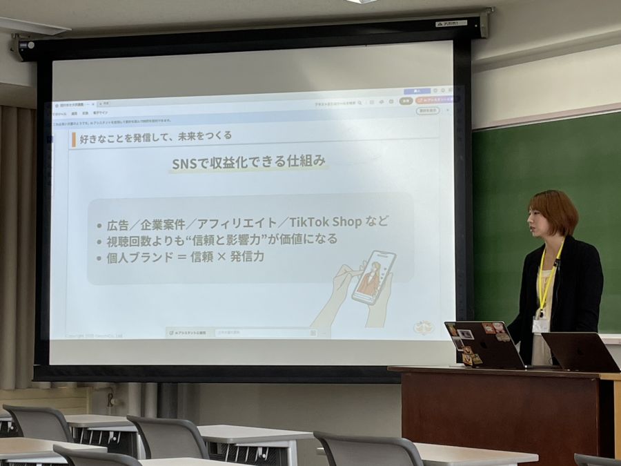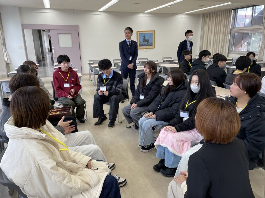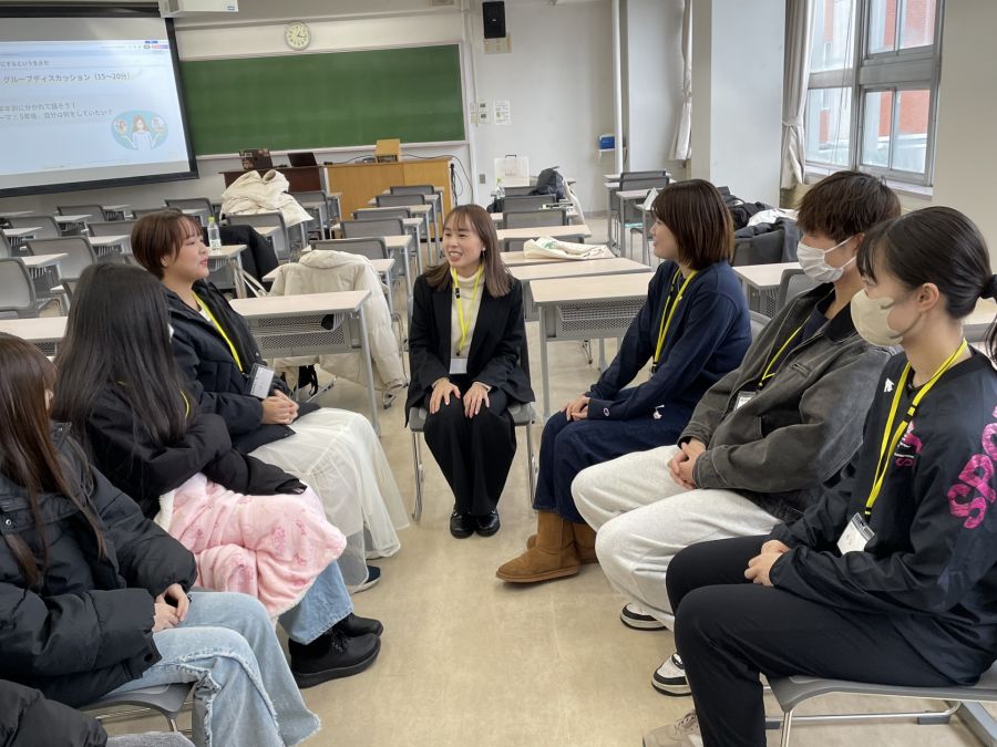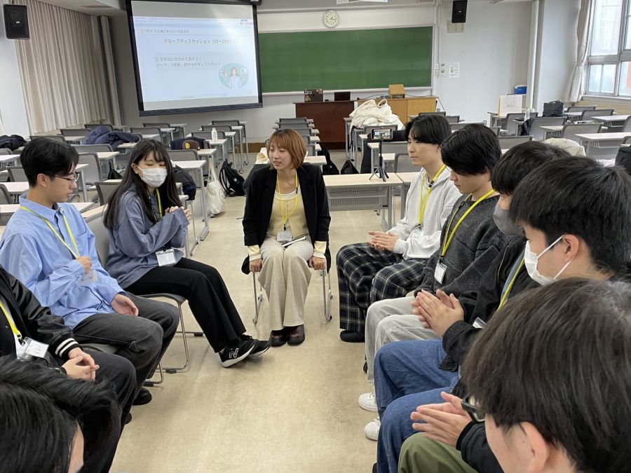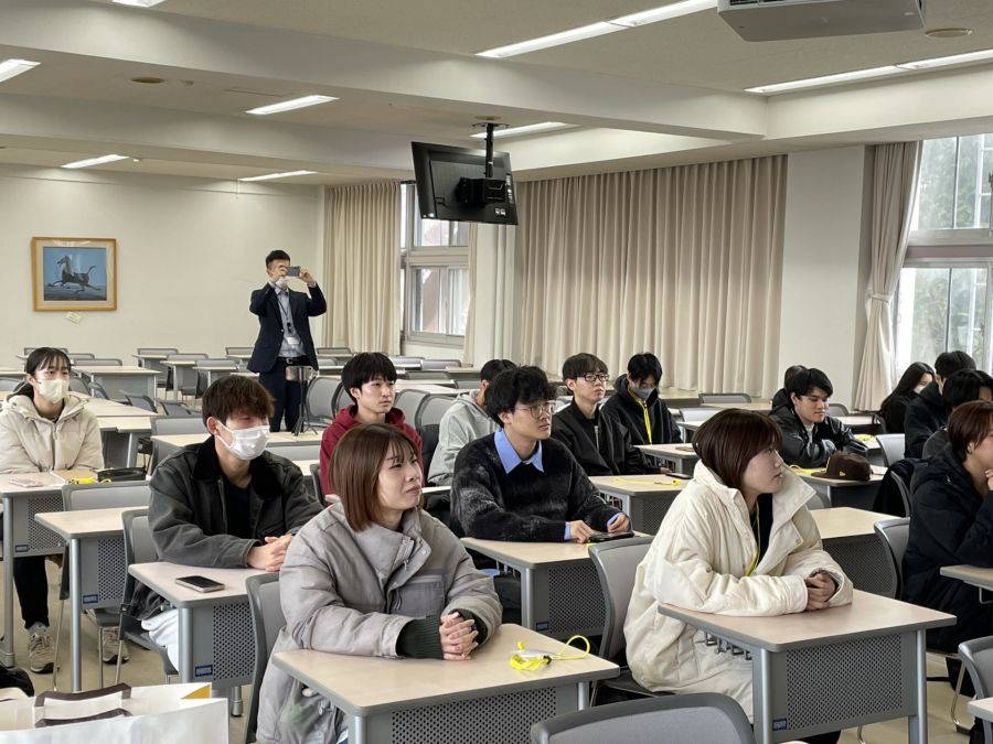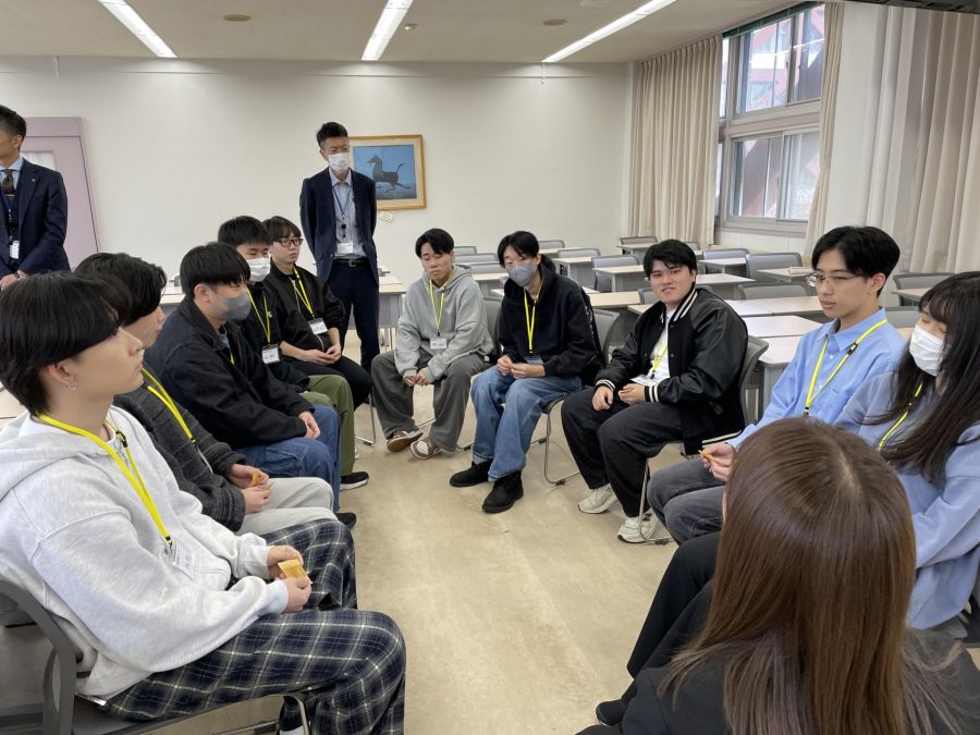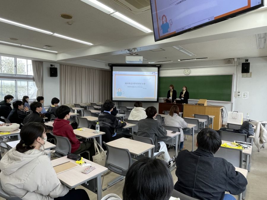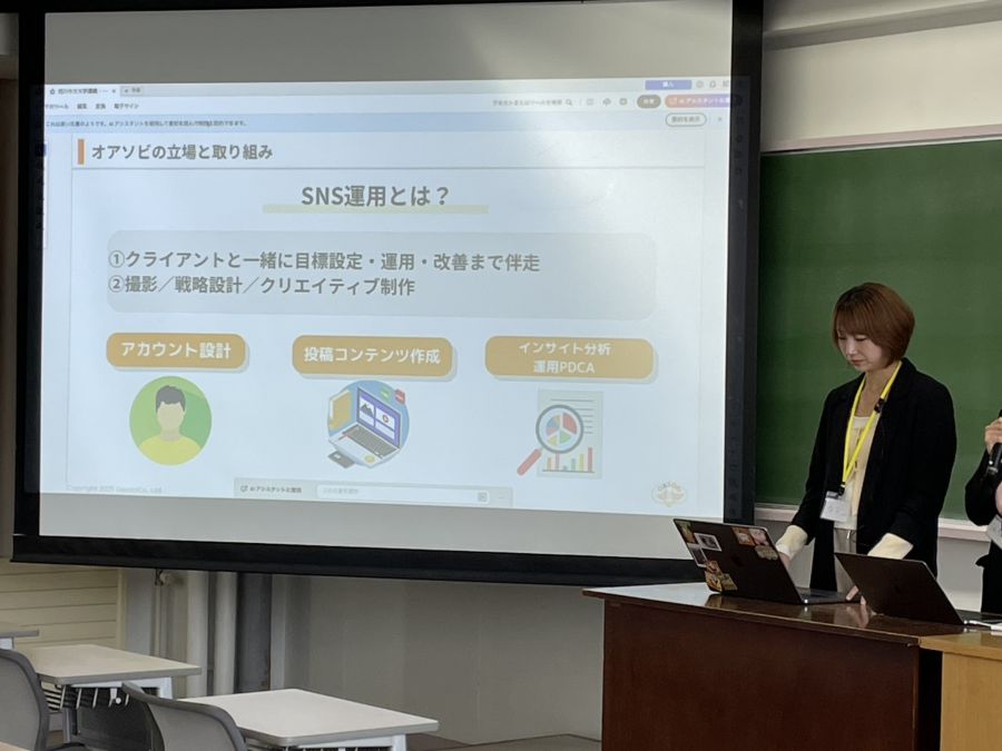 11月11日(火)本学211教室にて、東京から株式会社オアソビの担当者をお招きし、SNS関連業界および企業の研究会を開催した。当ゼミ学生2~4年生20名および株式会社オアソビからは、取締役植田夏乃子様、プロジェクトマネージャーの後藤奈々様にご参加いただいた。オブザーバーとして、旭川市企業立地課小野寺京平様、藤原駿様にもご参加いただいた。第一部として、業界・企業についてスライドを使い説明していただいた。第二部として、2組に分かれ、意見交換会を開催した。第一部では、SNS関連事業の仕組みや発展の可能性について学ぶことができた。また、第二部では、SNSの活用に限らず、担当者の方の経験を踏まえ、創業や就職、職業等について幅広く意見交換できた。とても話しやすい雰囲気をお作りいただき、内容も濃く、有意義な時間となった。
======
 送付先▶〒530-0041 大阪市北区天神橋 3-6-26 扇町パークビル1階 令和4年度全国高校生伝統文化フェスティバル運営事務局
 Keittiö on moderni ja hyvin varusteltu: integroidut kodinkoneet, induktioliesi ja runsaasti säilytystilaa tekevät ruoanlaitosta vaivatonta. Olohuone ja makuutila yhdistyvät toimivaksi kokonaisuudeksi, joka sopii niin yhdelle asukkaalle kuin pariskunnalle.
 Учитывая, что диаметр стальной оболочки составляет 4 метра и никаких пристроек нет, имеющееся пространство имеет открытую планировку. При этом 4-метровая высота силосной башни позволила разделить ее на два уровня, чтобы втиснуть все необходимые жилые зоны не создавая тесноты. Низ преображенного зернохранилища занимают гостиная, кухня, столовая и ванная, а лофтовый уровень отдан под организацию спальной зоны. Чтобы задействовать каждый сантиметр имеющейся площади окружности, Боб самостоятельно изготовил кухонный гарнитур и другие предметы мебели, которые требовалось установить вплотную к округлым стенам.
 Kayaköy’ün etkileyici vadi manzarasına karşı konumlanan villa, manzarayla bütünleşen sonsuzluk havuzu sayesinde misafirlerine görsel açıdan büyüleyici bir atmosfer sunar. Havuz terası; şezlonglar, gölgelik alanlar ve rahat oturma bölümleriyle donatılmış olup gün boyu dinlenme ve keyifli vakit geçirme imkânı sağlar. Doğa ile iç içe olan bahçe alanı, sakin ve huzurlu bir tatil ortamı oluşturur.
======
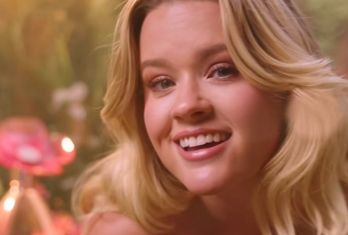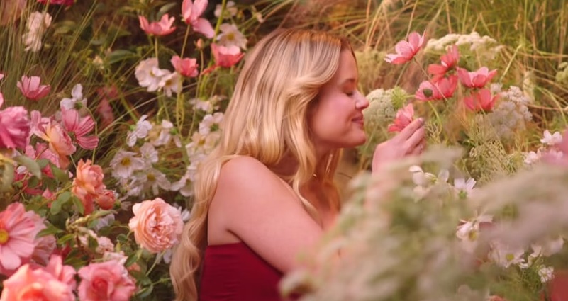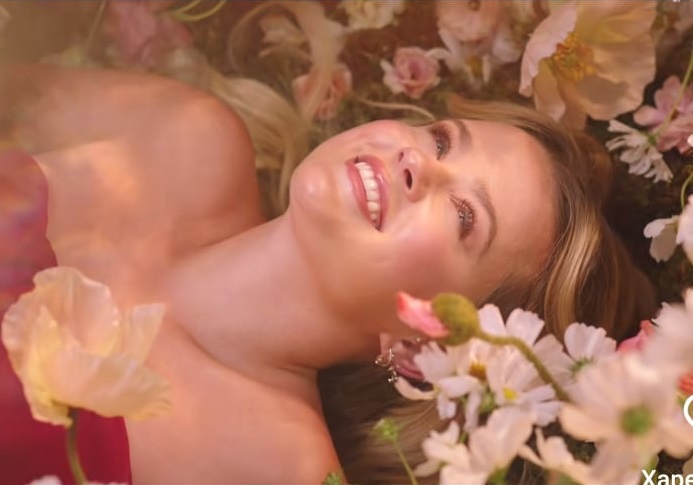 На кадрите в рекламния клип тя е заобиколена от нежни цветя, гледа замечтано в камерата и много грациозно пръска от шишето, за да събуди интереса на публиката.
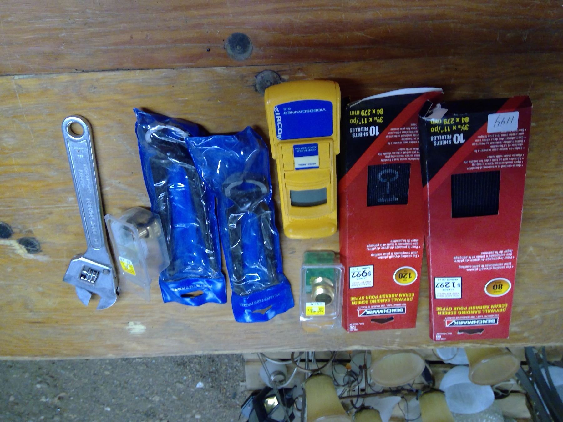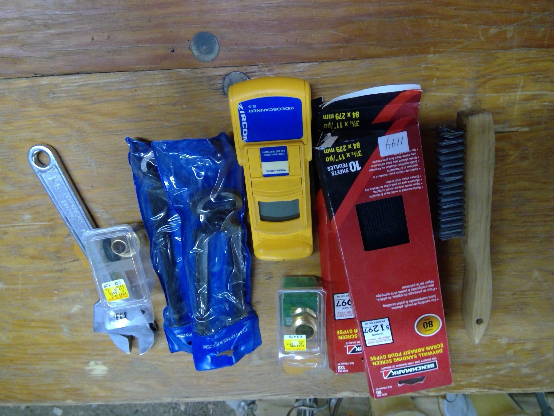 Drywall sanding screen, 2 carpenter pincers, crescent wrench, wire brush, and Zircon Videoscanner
======
> **Task item**
Only one part of the listing is wanted: the lines from the one containing "На кадрите в" through the one containing "Drywall sanding screen, 2", both included. Please transcribe it exactly, leaving out the pictures.

> **Response**
 На кадрите в рекламния клип тя е заобиколена от нежни цветя, гледа замечтано в камерата и много грациозно пръска от шишето, за да събуди интереса на публиката.
 Drywall sanding screen, 2 carpenter pincers, crescent wrench, wire brush, and Zircon Videoscanner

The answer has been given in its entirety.